Uma palavra pode substituir uma imagem. Uma imagem pode substituir uma palavra. (Magritte apud Júlio Pomar, 2014:37)

O facto de os grafilitos não se encontrarem isolados entre si, mas funcionarem numa associação conjuntiva, isto é, num sistema pensado e ligado a um corpo de significados, faz com que o desenho possa ser lido e os signos geométricos que compõem as figuras, em associação, assumam um caráter verbal.

Assim, os signos visuais desempenham a mesma função que a palavra, conferindo a cada signo uma atividade verbal que faz emergir a sua legibilidade e, consequentemente a sua dimensão poética. No desenho sonálgico há um claro

41 predomínio dos signos visuais. De acordo com a nossa posição, trata-se, antes de mais, de uma expressão estética que assume um modo de leitura que não está em consonância com a forma habitual de ler. Cada forma geométrica é lida de um modo restrito, aliás, dito de outro modo, a sua compreensão está limitada à leitura que a comunidade dela fizer, daí apelidá-la de poesia socializante.

A mensagem dos sona é sintética e essencialmente visual, e apesar de pressupor uma leitura diferente da que estamos habituados, a forma como se deve encarar o “texto” coincide com os parâmetros definidos para a poesia visual europeia. Conforme refere Dalila d'Alte Rodrigues: “A arte moderna foi renovar-se numa antiguidade que a arte académica já não tinha olhos para alcançar” (Negreiros apud Rodrigues, 2002:111).

O que nos surpreende na compreensão dos desenhos sona, além de os traços que os compõem terem o mesmo valor significante da escrita convencional, e além da sua abertura ao diálogo com os homens, é o facto de pré-nominar e transfigurar o quotidiano numa linguagem geometrizada, em que o que aparentemente não tem significado e se apresenta ilegível e críptico personaliza e desnuda o mundo e a experiência que os homens têm desse mesmo mundo.

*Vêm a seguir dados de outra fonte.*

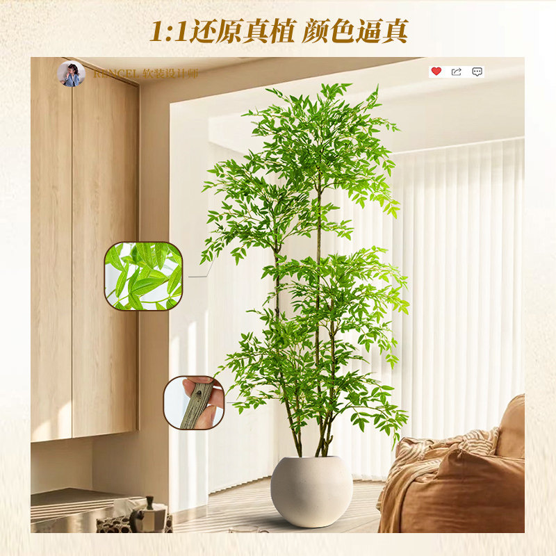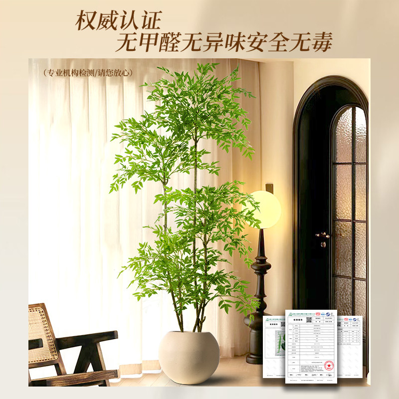 仿真绿植南天竹轻奢感室内大型落地高级感盆栽装饰品仿生假树摆件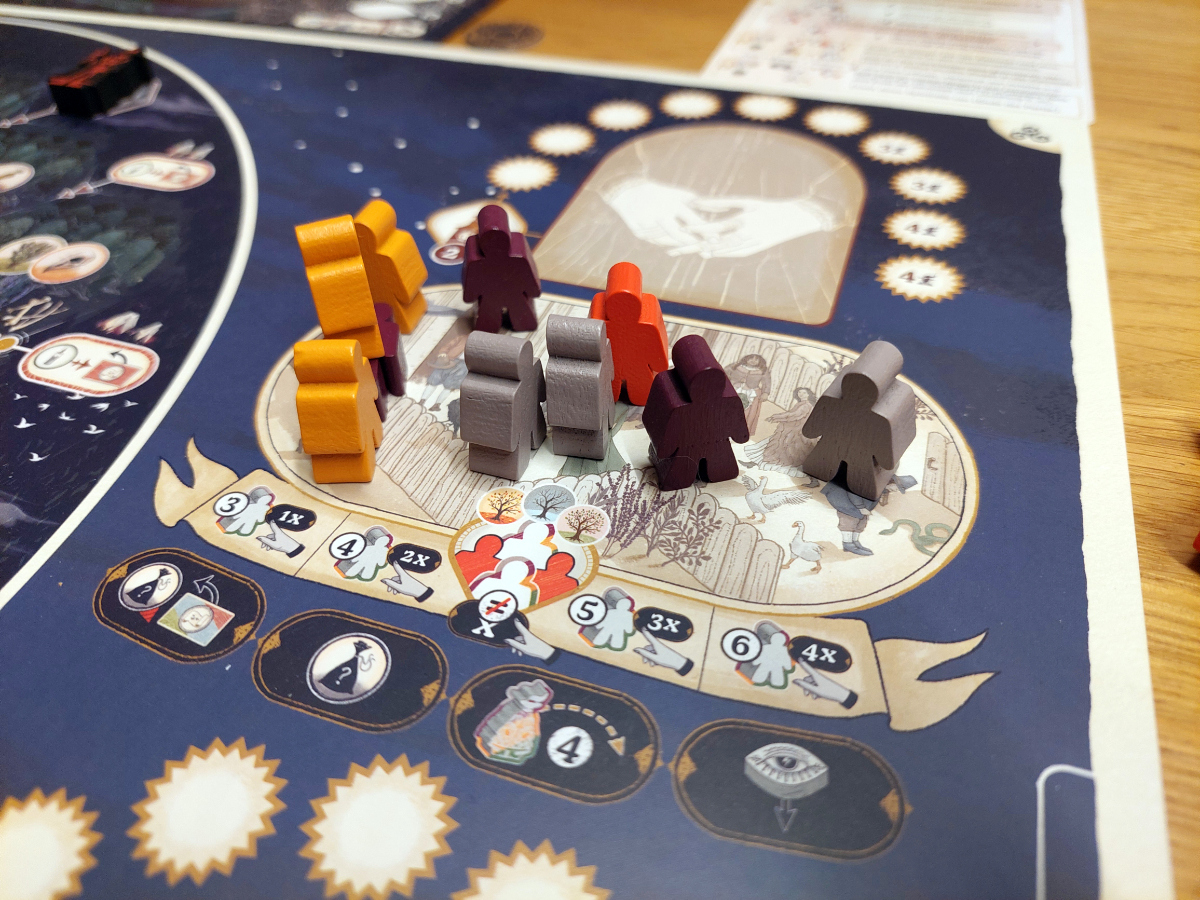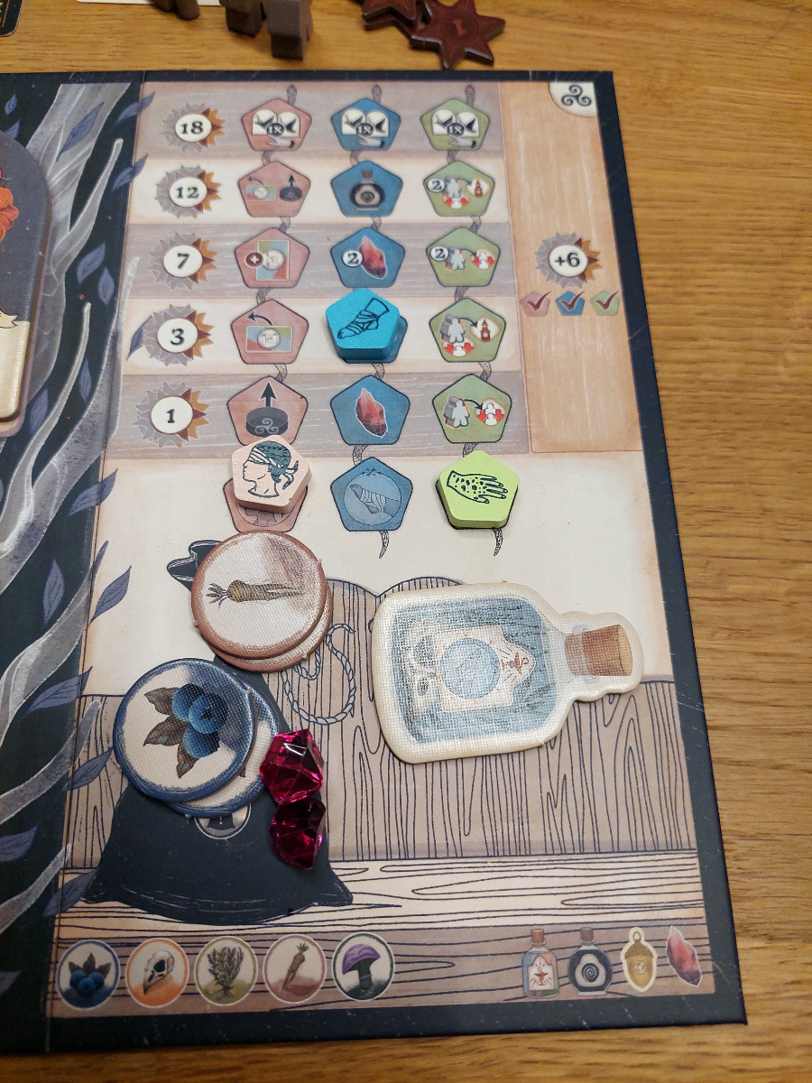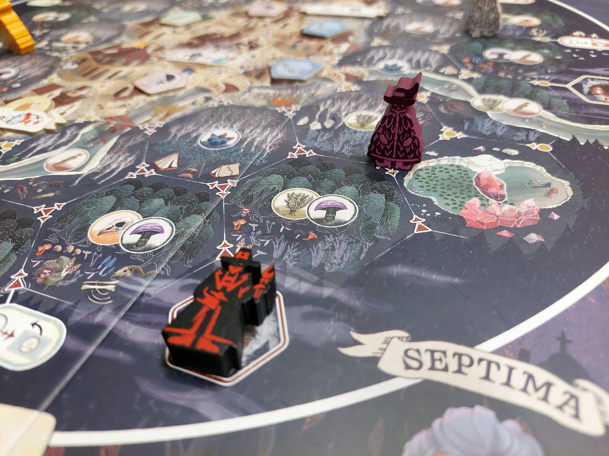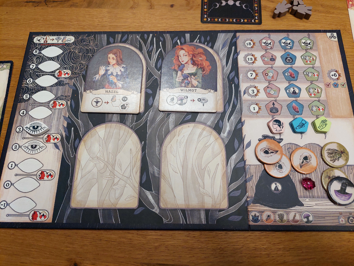 Spannend bleibt auch das Sammeln von Ressourcen. Denn hier wird nicht einfach Feld für Feld oder Aktion für Aktion abgegrast, wie man es sonst kennt. Hier lohnt es sich nur phasenweise, unterschiedlich „mondbeschienene“ Pflanzen zu sammeln. Damit wird eine gewisse Abwechslung garantiert und die Spieler von sich wiederholenden Pfaden abgehalten.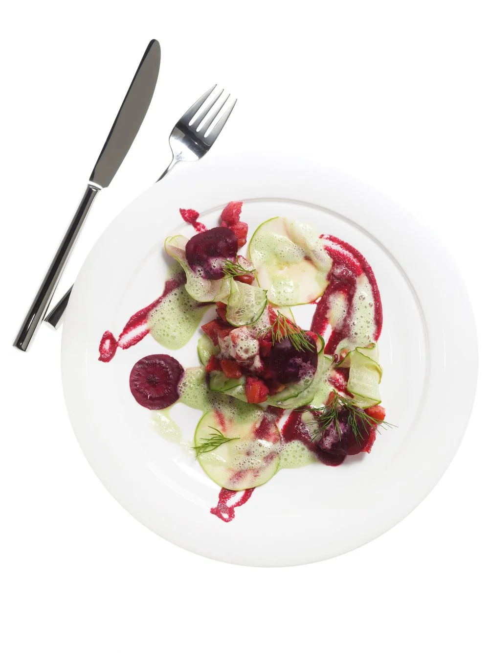 ШАГ 3 Огурец нарезать тонкими дольками. Разложить по тарелкам оставшееся свекольное пюре. Добавить дольки огурца и рыбу. Полить взбитым до пенного состояния огуречным соусом. Украсить укропом и дольками свеклы.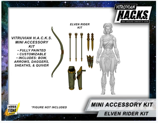 The perfect complement to the Elven Tack Kit comes the Elven Rider Mini Accessory Kit. Fully painted accessory gear kit.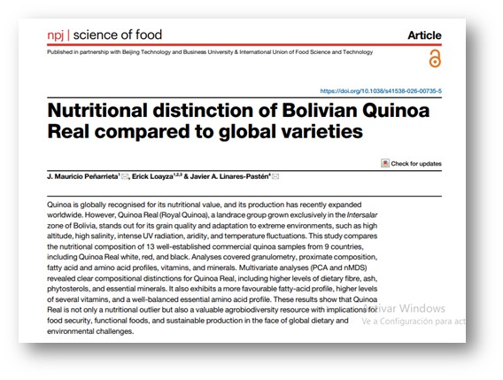 Un estudio publicado en la prestigiosa revista npj Science of Food (Springer Nature) revela que la quinoa real boliviana posee componentes nutricionales únicos que la diferencian significativamente de otras variedades cultivadas en el mundo, consolidándose como un recurso estratégico para la seguridad alimentaria global.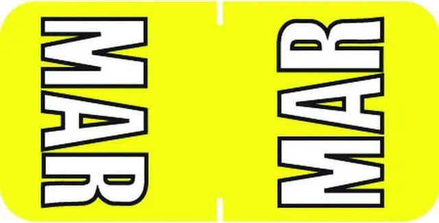 These Sycom SYTT Series Compatible "Mar" Top tab Month Labels are ideal for coding folders to indicate when a file was created or to signal when the file should be moved to inactive storage. These "Mar" labels are solid Yellow labels with "Mar" printed in White.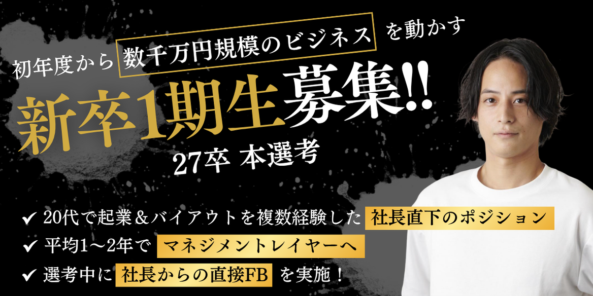 君が持つ才能と野心を、本物の事業創造と経営力に変える覚悟が君にあるかを見極めたい。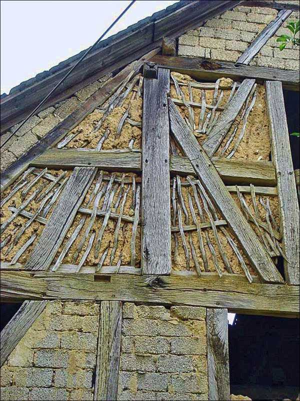 Корабельных дел мастера, свое умение, перенесли на дома, то есть сначала возводили каркас дома, а уже потом заполняли его иногда тем, что было под рукой или даже под ногами. В ход шла глина, перемешанная с соломой, а иногда и с навозом. Вся эта смесь наносилась на решетку из сплетенных веток, которые были вставлены между балками.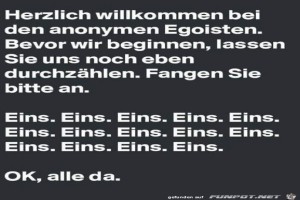 | Die anonymen Egoisten Bild (59.71 KB) 15Lustiges → klasse Sprüche und Witze | Lustiges → klasse Sprüche und Witze | 29.06.21-08:32 | ||

Trata-se de uma leitura que pressupõe o conhecimento desse código, na medida em que é esse código que indica o significado da leitura. O desenho sona, ao tornar-se legível, pelo que atrás já referimos, confere aos signos geométricos sona poder de representação, mostrando que a poesia é passível de ser construída não só com palavras, mas também com uma combinação de elementos que se afirmam com o mesmo poder de mediação que as palavras estabelecem na relação entre o homem e o mundo, ou indo um pouco mais além, na relação que o homem estabelece com o imaginário coletivo.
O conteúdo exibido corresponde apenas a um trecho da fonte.